4.9. Variation of Intra-Participant Salivary miRNA Expression Is Greater in Infants Than Young Adults

We reported that a majority of miRNAs in saliva are impacted by age, but that analysis did not account for intra-participant variability over time. Intra-participant miRNA expression had greater variation in infants than in young adults in repeat samples taken 1–6 months apart (Figure 7). miR-133b had the greatest fold change (log2(FC) = 9.8, FDR = 2.17 × 10⁻¹⁰) and miR-320 had the most statistically significant change (log2(FC) = 3.2, FDR = 2.2 × 10⁻¹²) in final samples compared to initial samples in infants. Interestingly, miR-133b plays an important role in the development of human skeletal muscle and myofiber organization [92]. Additionally, miR-133b was shown to increase with age in mouse muscle-derived exosomes from 2 weeks to 1 year of life [93]. Because these samples were taken from 1-month and subsequently 6-month-old infants, the increase in miR-133b may reflect the increased muscle strength as a result of crawling and walking.

For future cohort studies with multiple time points of measuring saliva miRNAs, chosen biomarkers should be cross-checked with our reported miRNAs known to change over time. If a selected biomarker is known to change over time, age should be included as a covariate. While infant miRNA expression variation was greater than that in adults, age should be controlled in relevant experimental designs.

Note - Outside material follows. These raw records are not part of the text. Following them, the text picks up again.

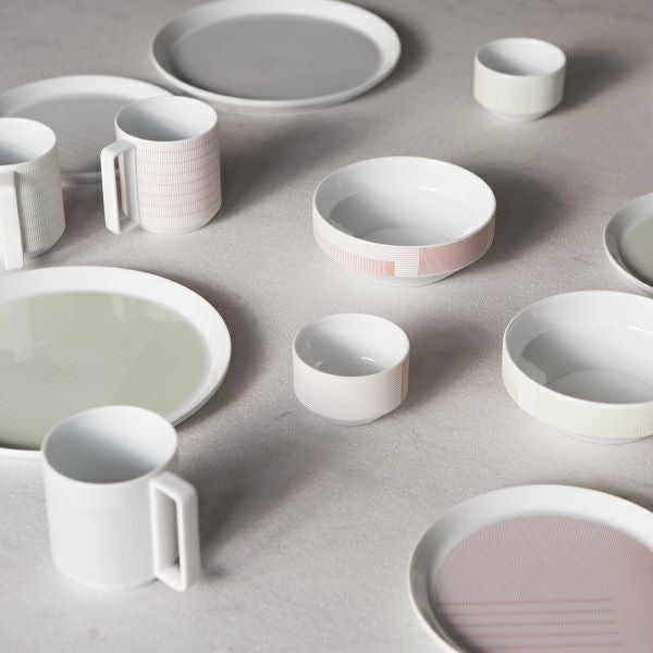 ショルテン&バーイングスのディレクションのもとで特別にデザインしたポーセリンコレクション。1616 / arita japanプロデュースによる本シリーズは伝統的な有田焼に新しいデザインアプローチを取り入れました。有田焼の伝統色を再解釈し、自身がデザインしたテキスタイルGridのパターンを融合させ「カラーポーセリン」シリーズを創り出しました。 カップ・ボウル・マグなど5種類のカラーポーセリンはシンプルさと色の重なりが特徴です。 9mもの大きなリピートをもつテキスタイルのスケールを大幅に縮小し、線や色の重なりによって淡く果敢ない色味を表現しています。 ステファン・ショルテンは「格子模様の密度が色の濃淡を決め、単色よりエアリーに見えるのです」と説明し、他にないユニークな世界観を生み出しています。 1616/arita japan:デザイナー柳原照弘氏ディレクションによる陶磁器ブランド 佐賀県・有田は1616年に陶祖・李参平によって日本で最初に陶磁器が作られたとされる場所です。 400年以上の長い時間を経ても、色あせる事のない妥協の無いものづくりの精神は今日にも受け継がれています。 伝統を踏襲しながらも、これまでの有田焼とは異なるデザインアプローチを試みています。
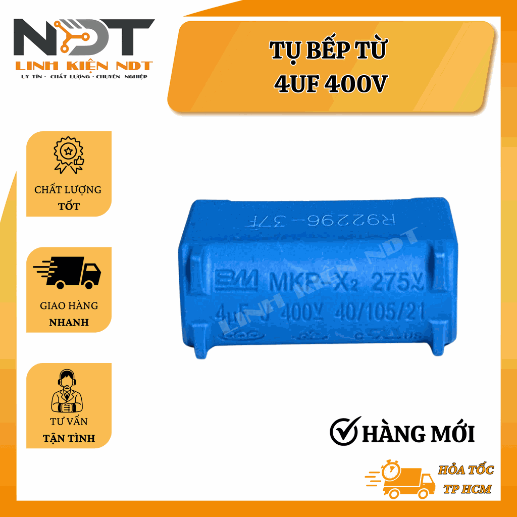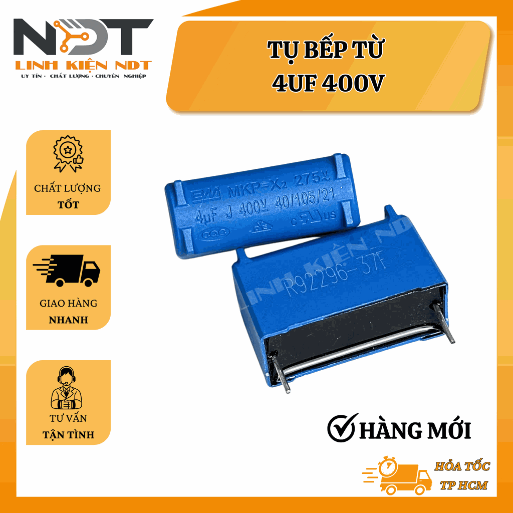 Tụ bếp từ 4µF 400V loại đứng là loại tụ film polypropylene (MKP) chuyên dùng trong mạch công suất bếp từ, quạt điện, hoặc các thiết bị điện tử yêu cầu tụ chịu nhiệt, chịu áp cao và làm việc ổn định. Thiết kế loại đứng giúp tiết kiệm không gian lắp đặt và dễ dàng thay thế.
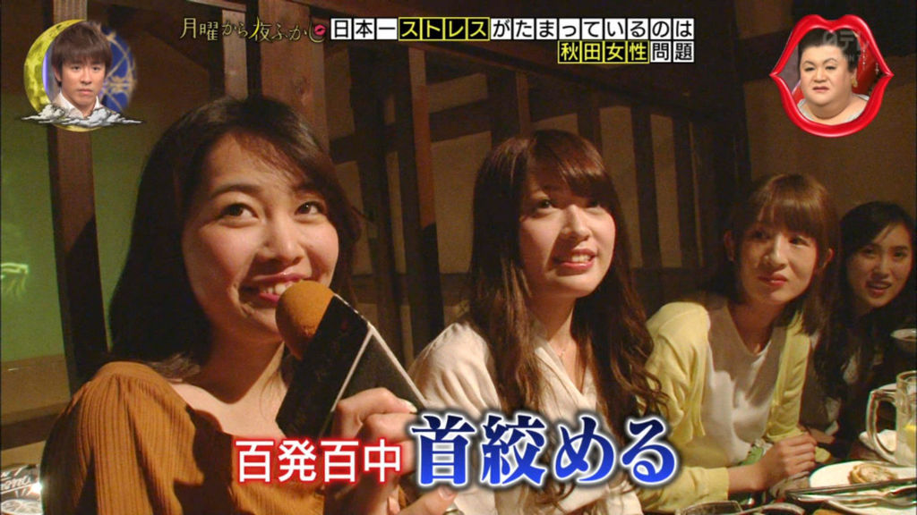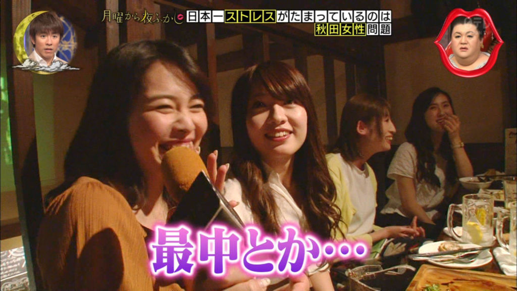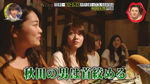 6月18日に放送された『月曜から夜ふかし(日本テレビ系)』にて「秋田のストレス問題」が扱われた。 その中で秋田の女性が合コンしている場面での発言が話題になっている。

4.10. Endogenous Control miRNAs

Three miRNAs with the lowest coefficients of variation and high prevalences (>95%) across samples were miR-25-3p, miR-16-5p, and miR-23a-3p. Coefficients of variation were 80.9, 84.3, and 84.7, respectively. miR-23a-3p has been previously reported as having a low coefficient of variation in saliva [32]. Out of all three, only one of them accounted for at least 1% of all read counts—miR-16-5p. Additionally, it is only affected by 1 factor: age. So long as this factor is controlled through control participant matching and/or inclusion as covariates, miR-16-5p may be the most suitable internal control miRNA for saliva-based studies.

4.11. Limitations

The current study is subject to a few limitations. The number of samples between compared groups were not balanced in all analyses. For example, more samples were collected with RNA stabilizer and swabs compared to without RNA stabilizer and via expectoration. Unequal groups in these comparisons decreased statistical power. Another limitation is that miRNA expression from some samples could have an underlying age bias. For example, samples collected without RNA stabilizer were exclusively collected from children ages 3–10 years old.

5. Conclusions

The variables that introduce the largest amount of variation to saliva miRNA biomarker studies are presence/absence of RNA stabilizer and method saliva of collection. Among biologic factors, age is associated with the greatest variation in miRNA levels, particularly in infancy. Studies wishing to control for miRNA expression using a housekeeping gene might consider miR-16-5p, which displays stable abundance in this dataset of 922 healthy individuals. Overall, the current study highlights important factors to consider in future investigations using salivary miRNA expression and emphasizes the need for consistent experimental techniques within individual studies and across study cites.